• Task objective
Word-for-word transcription needed. Include every entry below but no pictures.

• Source data
^^^^^^^^^^^^^^^^

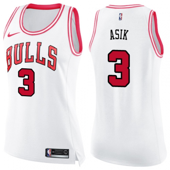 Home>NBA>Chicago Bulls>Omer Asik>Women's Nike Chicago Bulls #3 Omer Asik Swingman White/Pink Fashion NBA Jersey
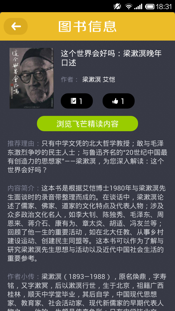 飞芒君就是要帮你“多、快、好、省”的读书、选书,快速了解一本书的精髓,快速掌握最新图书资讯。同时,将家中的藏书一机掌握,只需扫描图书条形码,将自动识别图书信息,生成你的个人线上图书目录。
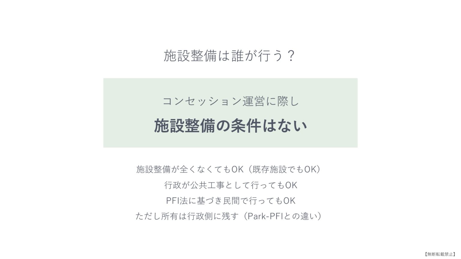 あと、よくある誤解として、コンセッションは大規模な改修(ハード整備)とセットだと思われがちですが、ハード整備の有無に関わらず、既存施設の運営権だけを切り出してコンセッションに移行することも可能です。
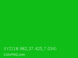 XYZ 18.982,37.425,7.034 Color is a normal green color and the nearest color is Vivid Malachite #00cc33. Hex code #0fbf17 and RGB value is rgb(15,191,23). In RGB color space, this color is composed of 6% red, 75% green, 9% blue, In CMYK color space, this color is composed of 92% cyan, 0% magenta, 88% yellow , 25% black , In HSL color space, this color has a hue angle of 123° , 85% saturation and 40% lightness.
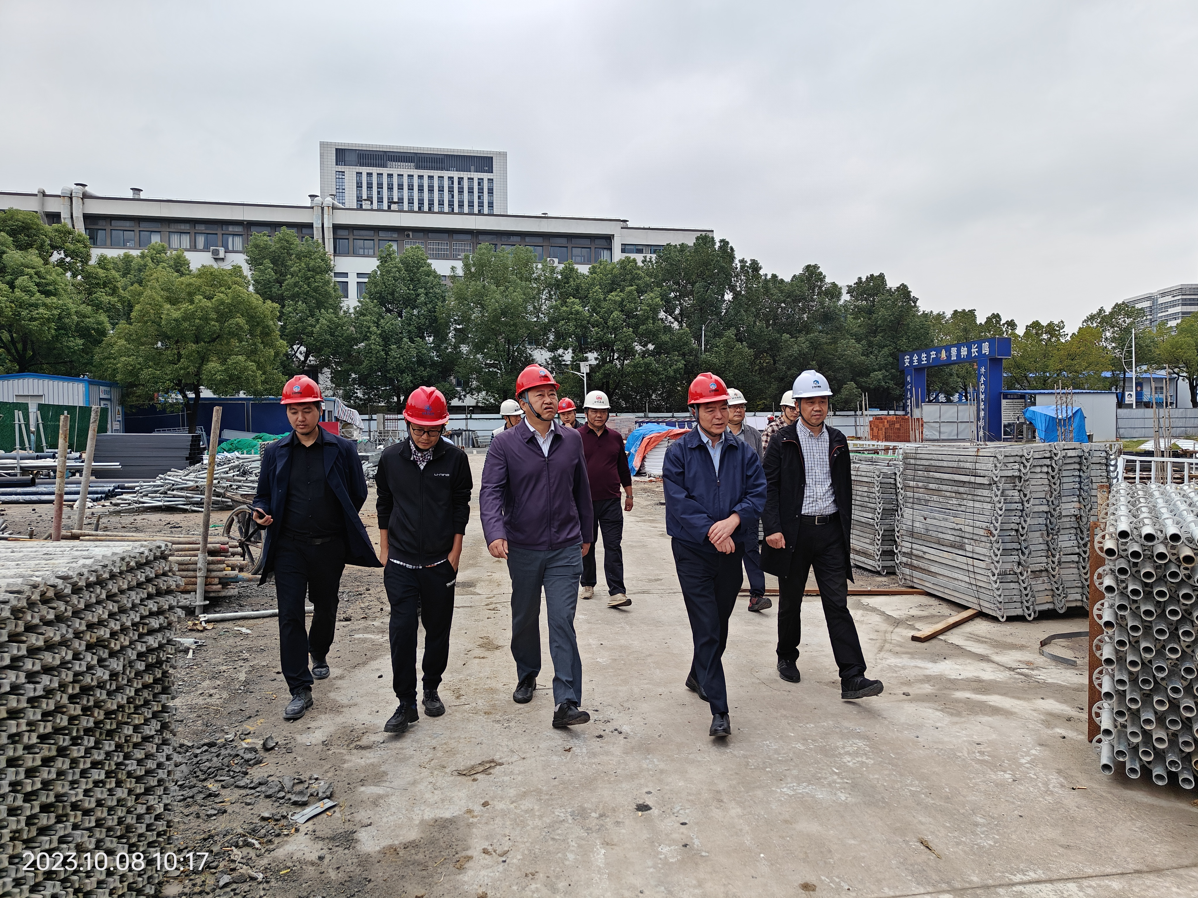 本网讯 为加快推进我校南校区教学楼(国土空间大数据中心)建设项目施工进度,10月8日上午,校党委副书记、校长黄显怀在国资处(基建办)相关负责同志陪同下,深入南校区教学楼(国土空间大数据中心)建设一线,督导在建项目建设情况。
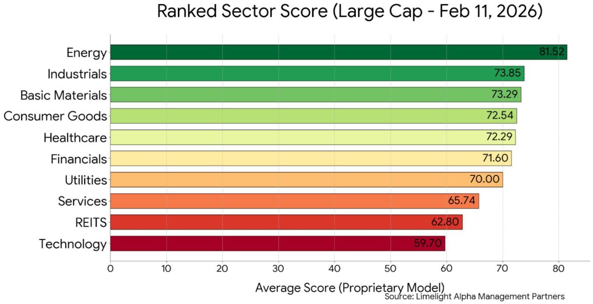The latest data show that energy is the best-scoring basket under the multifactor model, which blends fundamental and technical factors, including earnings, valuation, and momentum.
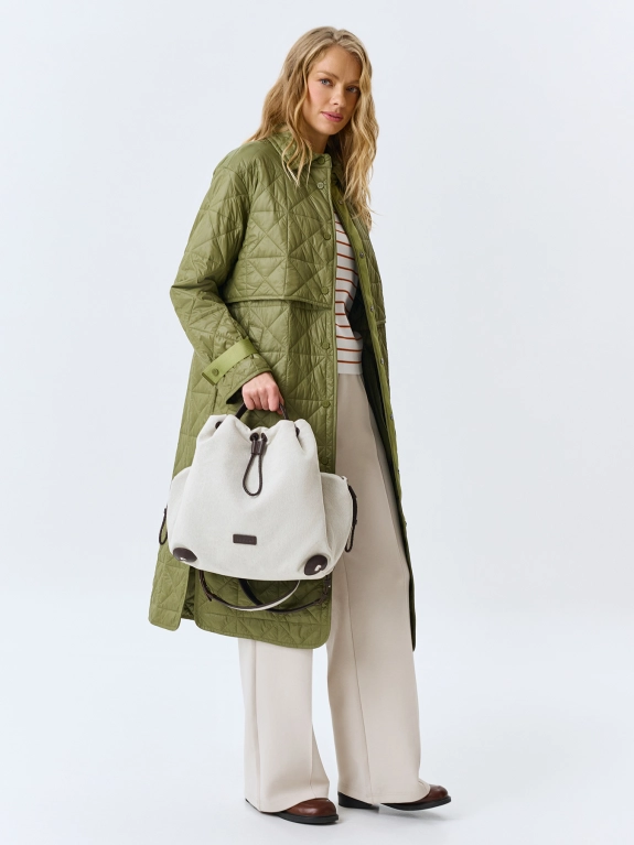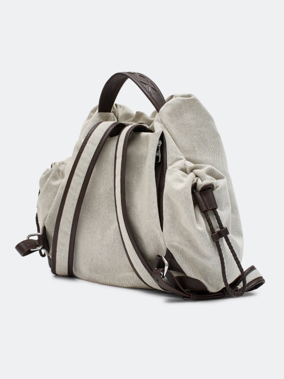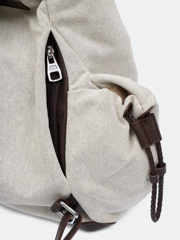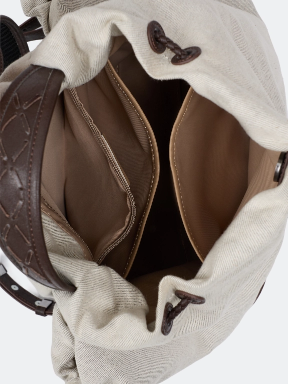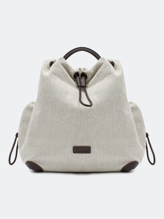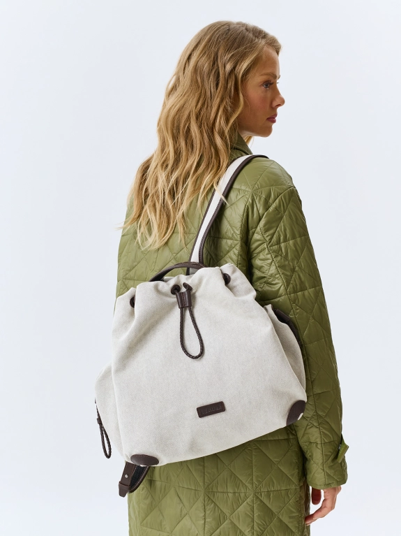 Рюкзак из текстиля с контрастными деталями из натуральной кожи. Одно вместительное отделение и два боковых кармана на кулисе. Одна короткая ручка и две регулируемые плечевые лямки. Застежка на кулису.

^^^^^^^^^^^^^^^^

• Reply to the task
 Home>NBA>Chicago Bulls>Omer Asik>Women's Nike Chicago Bulls #3 Omer Asik Swingman White/Pink Fashion NBA Jersey
 飞芒君就是要帮你“多、快、好、省”的读书、选书,快速了解一本书的精髓,快速掌握最新图书资讯。同时,将家中的藏书一机掌握,只需扫描图书条形码,将自动识别图书信息,生成你的个人线上图书目录。
 あと、よくある誤解として、コンセッションは大規模な改修(ハード整備)とセットだと思われがちですが、ハード整備の有無に関わらず、既存施設の運営権だけを切り出してコンセッションに移行することも可能です。
 XYZ 18.982,37.425,7.034 Color is a normal green color and the nearest color is Vivid Malachite #00cc33. Hex code #0fbf17 and RGB value is rgb(15,191,23). In RGB color space, this color is composed of 6% red, 75% green, 9% blue, In CMYK color space, this color is composed of 92% cyan, 0% magenta, 88% yellow , 25% black , In HSL color space, this color has a hue angle of 123° , 85% saturation and 40% lightness.
 本网讯 为加快推进我校南校区教学楼(国土空间大数据中心)建设项目施工进度,10月8日上午,校党委副书记、校长黄显怀在国资处(基建办)相关负责同志陪同下,深入南校区教学楼(国土空间大数据中心)建设一线,督导在建项目建设情况。
The latest data show that energy is the best-scoring basket under the multifactor model, which blends fundamental and technical factors, including earnings, valuation, and momentum.
 Рюкзак из текстиля с контрастными деталями из натуральной кожи. Одно вместительное отделение и два боковых кармана на кулисе. Одна короткая ручка и две регулируемые плечевые лямки. Застежка на кулису.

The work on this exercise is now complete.